In a hommage to my atheist blogosphere opposite number, Lukeprog of the now-archived Common Sense Atheism, who compiled a review of all William Lane Craig’s debates, I publish here a similar collection of my thoughts of the debates of my intellectual hero, the late Christopher Hitchens: journalist, literary critic, author, scourge of the faithful and proud member of the Four Horseman with his international bestseller against the forces of theocratic fascism, god Is Not Great: How Religion Poisons Everything.
Hitchens did many debates and I have mainly included formal debates and panel discussions in front of an audience. I have mentioned some of Hitch’s many TV and radio interviews and discussions, but only where there was a single topic on the agenda, as opposed to the zillions of time he appeared on C-SPAN and Bill Maher to discuss the general politics of the day.
I may have missed out on some; suggestions in the comments section, please!

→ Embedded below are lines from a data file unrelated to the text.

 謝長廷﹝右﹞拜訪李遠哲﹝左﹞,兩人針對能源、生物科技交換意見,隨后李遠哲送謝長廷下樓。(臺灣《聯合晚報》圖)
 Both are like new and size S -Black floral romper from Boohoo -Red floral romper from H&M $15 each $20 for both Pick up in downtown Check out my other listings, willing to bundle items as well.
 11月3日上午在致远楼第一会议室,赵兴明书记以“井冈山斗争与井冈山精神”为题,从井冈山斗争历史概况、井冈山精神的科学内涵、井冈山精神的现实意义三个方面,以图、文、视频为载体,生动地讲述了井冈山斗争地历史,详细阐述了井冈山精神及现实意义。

Since there are 69 70 71 debates in total, I have divided the piece up into three separate posts as follows:
The Good; and
The Not So Good (for the remainder of this post).
The Not So Good
Craig, “Does God Exist?”, Biola University, Los Angeles, 4 April 2009 (Video / MSP review / MSP review one year on in three parts). This one hurt quite a lot. While not the massacre that the first blog reports had us believe, Hitchens simply did not prepare to take on “professional debater” (© Richard Dawkins) Craig and wanted to debate whether religion was good for the world, as opposed to the actual topic under discussion. Craig showboats in front of his home crowd and Hitch lets him get away with smugly asserting that his five “arguments” are irrefutable.
D’Souza Round I, “Is Christianity the Problem?”, King’s College, New York, 22 October 2007 (Video / Audio). Hitch lands a few punches, but overall he was not on top form on the night. D’Souza is loud, longwinded and gets the last word on many points through filibustering. There is also plenty of disingenuous quote-mining of authorities and misrepresenting of Hitch’s arguments.

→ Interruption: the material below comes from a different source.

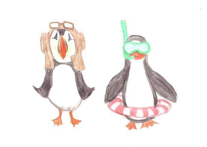 | Penguin's Antarctic and lives on south pole Where puffins in North dig their nest hole. What's the key difference between these two? I will give a hint to you: Penguins are better at sea and diving When puffins in the skies are thriving. |
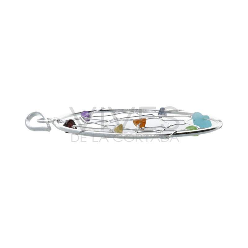 Pendentif feuille de calcédoine brute cristallisée plaqué argent

Hitchens/Jackson –v- Arkes/Markson, “The Death Penalty Debate”, National Review & The Nation Institute, 7 April 1997 (Video). Hitchens shares a platform with the Reverend Jesse Jackson, who he was later to throw in the same damning category as the “Reverends” Jerry Falwell, Al Sharpton and Pat Robertson as someone who can get away with offences to truth and morality by virtue of calling himself a man of faith. Hitch speaks against the death penalty persuasively, however, he is up against two equally convincing opponents and the clash is best described as a draw. The Q&A section descends into farce due to a strict moderator and hapless audience members straying off topic. For Hitchens completists only.
Galloway, “The Iraq War of 2003 was just and necessary”, Baruch College, New York, 14 September 2005 (Video). I have consigned this one to the lowest category, not because Hitch loses the debate, but because it’s deeply unpleasant watching him share a platform with such an unsavoury, hard-left demagogue who openly supports brutal Islamist regimes. Things get pretty personal and Galloway resorts to schoolyard name calling. At least he gets his comeuppance from the NY crowd by suggesting that America brought the 9/11 attacks on themselves. Sully your eyes and ears by watching it if you must.